Life List
I once told Adam that I was considering seeing a movie by myself while he was out of town and he was horrified. He actually felt guilty for leaving, as though seeing a movie alone was the lowest of the low points in life. I explained to him that I didn’t see attending things solo as any kind of social death because my favorite person to hang out with in the whole world was myself. I like to do all the same things as me! Seeing a movie alone is great because you agree on what movie to see (BALLET DOCUMENTARY), what you thought about it (BANGIN’), and where you should eat after (CHIPS + MARTINI ON COUCH AT HOME).
So after his reaction I made it my mission to see a movie alone and added it to the life list. Except this is usually what happened:
- Decide I’m going to see movie. Select movie, theater and showing and tell people that I’m busy because I’m seeing a movie.
- 30 minutes before I have to leave I remember that I can watch movies at home for free, plus I can wear pajamas. Don’t move for 10 hours.
Recently I couldn’t find anyone to see this documentary with me so I said fuck it, we’ll do it live! And I went and it was super anti-climactic, especially since I was able to buy a beer at the snack stand and we all know beer is the perfect theater companion. The worst part about the whole ordeal was this old woman who offered loud commentary through entire movie. It reminded me why I don’t like going to the theater in the first place. And then I was doubly annoyed to discover that the movie had been made available on my cable’s “same day as theaters” on-demand movie section so I could’ve been watching it IN MY PAJAMAS.
Anywho, life list and all that.
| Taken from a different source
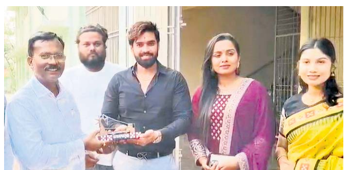
ପ୍ରଯୁକ୍ତ ହୋଇଛି। କୋଭିଡ ଲକଡାଉନ ସମୟରେ ଲୁଚା ବୁକାକାର ପରିବାରଙ୍କ ଜୀବନର ସଂସ୍କାର କାହାଣୀକୁ ନେଇ ସିନେମା ଗଠିତ ହୋଇଛି।

I’ve since added two more items to the list: have a nice meal by myself, a la Maggie Mason, as well as take a vacation alone because I think both sound amazing.
I haven’t neglected the life list! Everything is on-going, ya know, full steam ahead and all that. It’s just that…much of this list is so expense-heavy that most of my time is spent saving the money to do these things, or planning them, or daydreaming about them. Thank god I’m still making those bloody pizzas.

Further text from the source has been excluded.